Academic Goodies: The Science Fiction of My New Year

Well, I said I would post the proposal abstracts for the various academic conferences I will be attending. All three of them deal with science fiction on some level, as indicated here. It should be interesting to present all of these papers and field questions from the audience. I don't get many opportunities to talk about science fiction with fellow academics.

So here goes:

"Habitually Us: Battlestar Galactica, the “Android Personality,” and Human Preservation" (to be presented at the SWTXPCA Conference in Albuquerque, New Mexico):
Philip K. Dick, in talking about the rise of consumer culture in the 60s and 70s, suggested that society had fallen prey to what he called the “android personality,” a reflexive, repetitive personality incapable of making exceptions or doing anything other than what it had always done.
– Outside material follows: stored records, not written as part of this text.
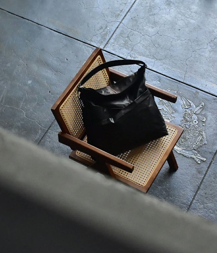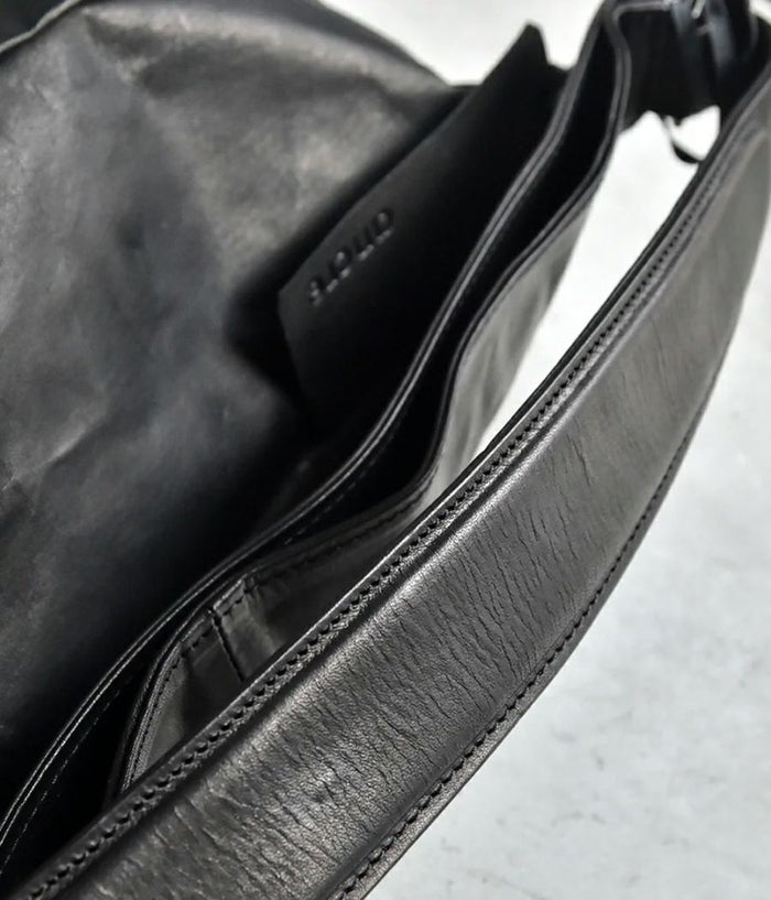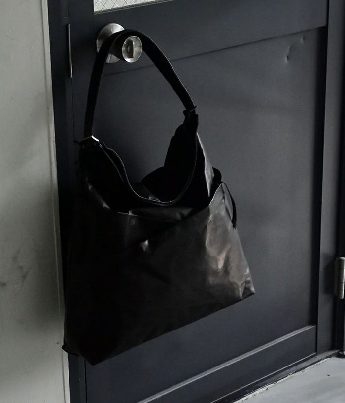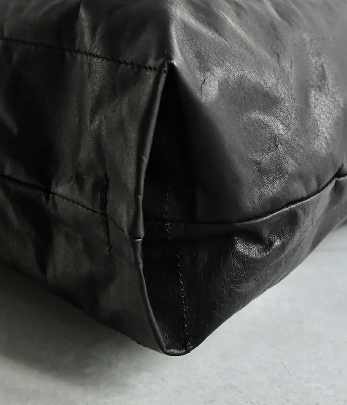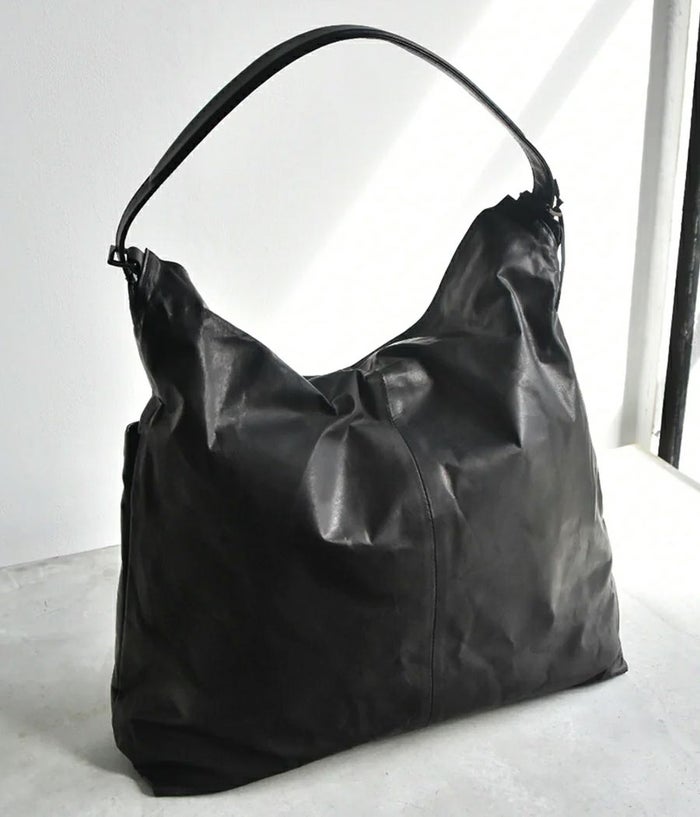ざっくりとした大振りなワンショルダーで持った際に、口元が折れて自然なドレープがよりフォルムを引き立たせる。裏地にキルティングを用い、革の薄さを綿で補強し、ふっくらとしたボリュームで自然なシワ感を表現。斜めに走るファスナーポケットや小物類を収納できるポケットなど、実用性も兼ね備えつつ金属部分を極力排除し素材の特徴をより引き立たせる仕様に仕上げています。
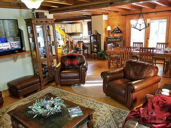 Private and convenient wooded retreat off Corley Mill Rd. - walk to the Saluda River. Log home with wrap-around porch on 3.59 acres. A creek runs along the back of the property. Close to downtown Lexington, Cola., interstates, and great schools (River Bluff High). Rooms upstairs - 3 bedrooms (master with woodstove) and 2 baths. Downstairs bdrm (used as a study) and 1 bath. Large rm and bath over 2 bay detached garage (ac window unit). Patio, decks, fire pit, and garden. The pool will need a new liner.
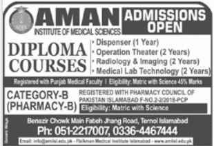 Aman Institute of Health Sciences Islamabad has announced admissions for Diploma Courses in Dispenser, Operation Theater, Radiology & Imaging, Medical Lab Technology, Category B, Pharmacy B. Matric with Science is eligibility for admission.
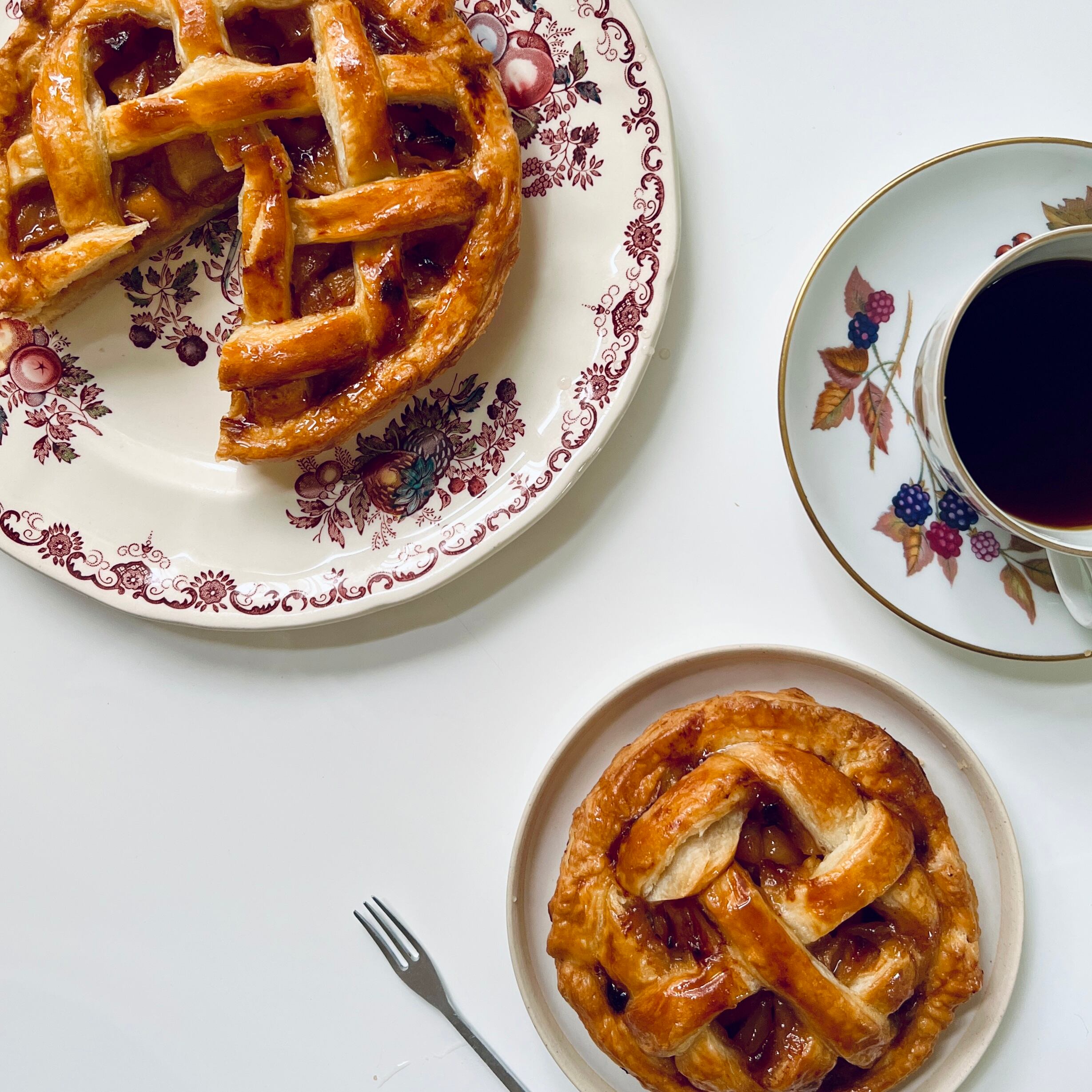 よつ葉バターのサクサクしたパイ生地に、アーモンドクリームとりんごのコンポートをたっぷり詰めて焼き上げました。

There are obvious connections between this concept and his novel Do Androids Dream of Electric Sheep?, and it is a concept that can readily be found within more modern forms of science fiction.

Ron D. Moore’s Battlestar Galactica imagines a future/past that mirrors many of the same concerns Dick imagined were present in the proliferation of the “android personality.” Not only does Battlestar Galactica question the very nature of humanity by juxtaposing it against the humanoid Cylon (literally and metaphorically), but it also imagines the interchangeability of the “android personality,” from human to Cylon, and the reflexive nature of both.

In this paper, I will use Philip K. Dick’s non-fiction “philosophies” to analyze the relationship between the humans and Cylons of Battlestar Galactica and the “android personality.” I will argue that the reflexive nature of the “android personality” is both based on a purely selfish motive and is also a necessary, though not necessarily positive, human reaction to preserve human identity in the face of something human and not-human at the same time.
“Otherism: The Dissection of Humanity and the Negation of the Human in Battlestar Galactica” (to be presented at the PCA/ACA Conference in St. Louis, Missouri):
Science fiction film has had a curious history in relation to the human/other dichotomy. In its early days, science fiction imagined the other as the monstrous alien or robot, a vision that has now largely been adopted by supernatural horror and the less frequent science fiction horror. The re-imagining of Battlestar Galactica, however, has offered a contrary and more complicated view of the other in science fiction film. With the advent of the Cylons as biological “machines,” the human/other dichotomy becomes not only an allegory for our current and past relations to the “other,” but also a force that essentially dissects humanity piece by piece by exposing the human to an “other” so like itself. Humanity’s understanding of what it means to be “human,” thus, is put in jeopardy.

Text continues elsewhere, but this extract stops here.